Bir ülkenin en büyük umudu, yetiştirdiği gençleridir.
Ama biz, yıllardır bu umudu yeşertmekte zorlanıyoruz.
Çocuklarımızı okullara emanet ediyoruz; onlara bilgi, beceri, ahlak, vizyon kazandırılsın diye…
Karşılığında ne istiyoruz?
Sadece iyi insan olmalarını, hayata hazır bireyler olarak yetişmelerini…
Ama verilenle istenen arasında derin bir uçurum var.
Eğitimi veren taraf mutlu değil!
Öğretmen, yıllarını adadığı mesleğinde tükenmiş hissediyor.
Çünkü başarı, fedakârlık, çaba… artık evrakla, puanla, kâğıt üzerinde ölçülüyor.
Eğitimi alan taraf da mutlu değil!
Öğrenci, bilgiyi merakla aramıyor artık; ezberle sınav geçmeye çalışıyor.
Sorgulamayı, üretmeyi, denemeyi değil; “sistemi geçmeyi” öğreniyor.
Arada ise kimse yok… Ne gerçekten ölçen ne gerçekten denetleyen…
Kaç öğretmen müfredatı tamamlamış, kaç öğrenci konuyu anlamış, kaç aile memnun… Bilen yok, soran yok.

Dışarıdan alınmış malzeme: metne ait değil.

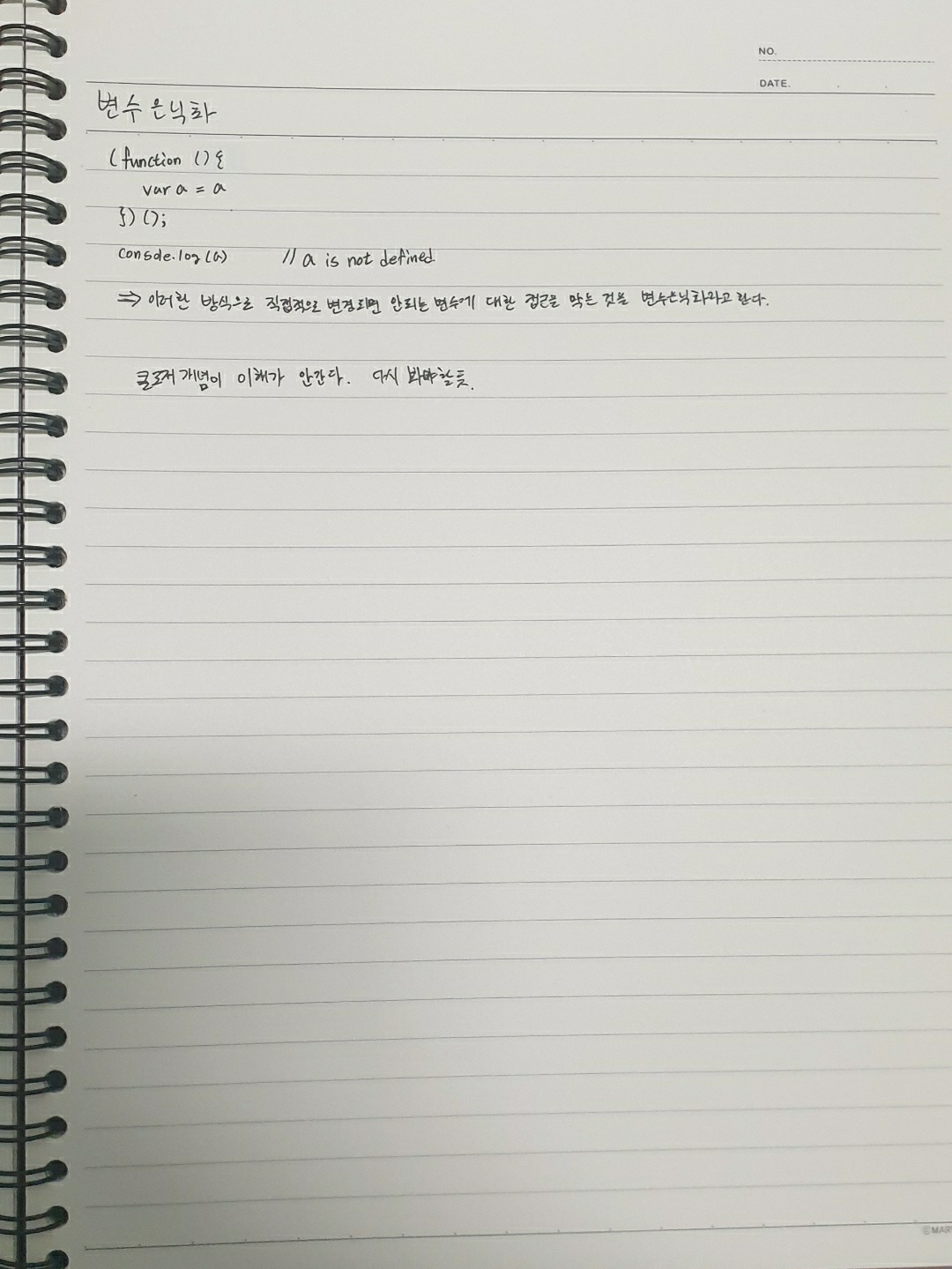 단순하게 설명하자면 var로 선언된 변수들은 코드가 실행될 때 undefined라는 값을 미리 할당받고,

Bugünlerde öğretmenlerimiz haklı olarak maaşlarında artış istiyor.
Geçim derdi, mesleğin saygınlığını gölgeledi; alın teri karşılıksız kalmamalı.
Evet, öğretmen emeğinin karşılığını almalı. Çünkü eğitim, ucuz emekle sürdürülemez.
Ama unutmamamız gereken bir gerçek var:
Hak aramak, aynı zamanda sorumluluk taşımaktır.
Zam talep eden öğretmen,
“Ben bu maaşla daha iyi ders vereceğim, daha çok üreteceğim, öğrencime en iyisini sunacağım” diyebilmeli. Çünkü bir öğretmenin istediği zam kadar, öğrencisinin aldığı eğitimin niteliğini de düşünmesi gerekir.
Toplum, sadece alan değil, veren tarafı da ölçmeli.
Fedakârlık edenle etmeyen aynı kefeye konmamalı.
Artık yeni bir sözleşmeye ihtiyacımız var:
Sadece maaş sözleşmesi değil,
Öğretmen-Toplum-Öğrenci arasında bir vicdan sözleşmesi.
Bir taraf emeğinin karşılığını alsın, diğer taraf da aldığı eğitimin karşılığını görsün.
Öğretmen değer bulsun, öğrenci değer kazansın, ülke geleceğini kazansın.
Çünkü eğitim, ülkenin yarınıdır.
Ve biz yarınımızı her geçen yıl biraz daha yitiriyoruz.
Artık sormanın vakti geldi:
“Biz çocuklarımıza ne verdik ki, geleceğimizden ne bekliyoruz?”